Companies may not drag out first-contract bargaining indefinitely. If the two sides cannot reach a contract within 90 days, either one may request mediation from federal mediators. If mediation doesn’t work, they go to binding arbitration.
Supporters counter that union-won higher wages are exactly what the economy needs. After all, the debt-driven economy has utterly failed.
BALANCE OF POWER WINS
But in the end, the arguments don’t matter. The bill that passes will reflect the balance of power between business and labor. If EFCA is gutted, or fails to pass at all, it will be because not enough Senators were convinced it was in their interests to vote the right way.
How have labor and other movements in the past persuaded reluctant politicians to vote our way? By creating enough turmoil in the streets that legislators know they’d better do something.
The civil rights movement, the anti-Vietnam war movement, the worker upheavals of the 1930s—all led Washington decision-makers to do things they didn’t want to do.
It’s possible to admire labor’s efforts for two million petition signatures for EFCA and still ask, if this is the fight of a lifetime, why aren’t we acting like it?

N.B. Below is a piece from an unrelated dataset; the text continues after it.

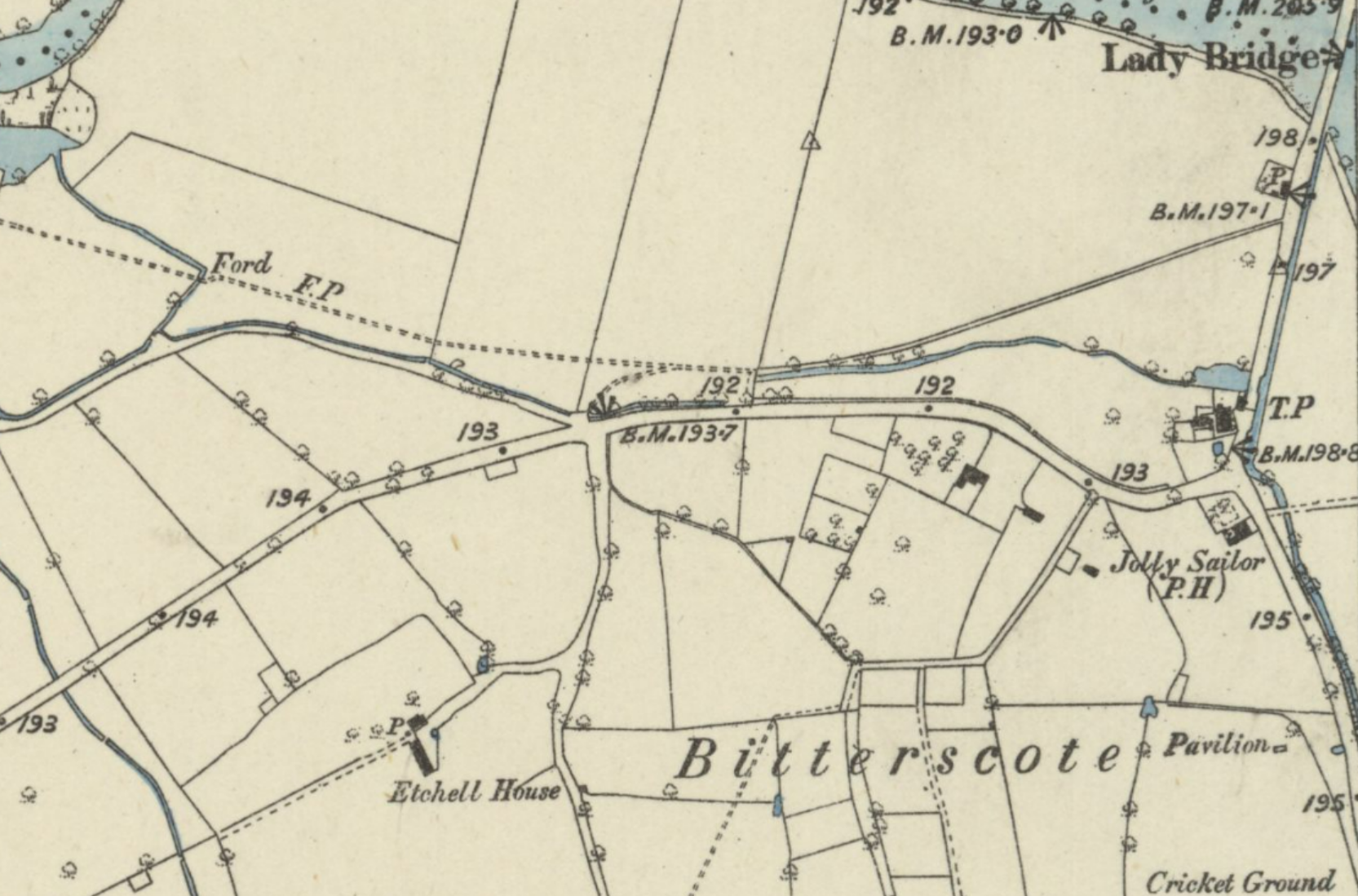 Let's begin by orienting ourselves, as the roads in this area look very different today. In the map above, Lady Bridge is a fixed landmark beloved by local residents for centuries. It was rebuilt in 1796, after floods destroyed its predecessor, and it was widened in 1840. The road running south from Lady Bridge past the Jolly Sailor Public House is Fazeley Road. It still exists but it is now a no-through road, which is blocked off to the south of this map. Etchell House would have been roughly where the Jolly Sailor roundabout is today. The road running from the centre of the map almost directly west is Dunstall Lane. It leads to Dunstall Farm, which is off the map to the west. Etchell House and Dunstall Farm were part of the Peel Estate holdings which were sold by auction in 1918-19. Sale documents are kept in the National Archives. Dunstall Farm still exists.

Could the energy unions channeled for Obama last fall be reawakened for creative actions in 2009? For a huge march on Washington, for civil disobedience at senators’ offices, for informational picket lines outside the corporations bankrolling the bosses’ campaign, like Home Depot?
Less than three years ago, immigrant workers—most of them not union members—pulled a one-day national strike, bringing more than a million workers, families, students, and supporters into the streets in the largest series of demonstrations our country has ever seen. They were fighting for survival. So is the union movement. This is not the time to be timid.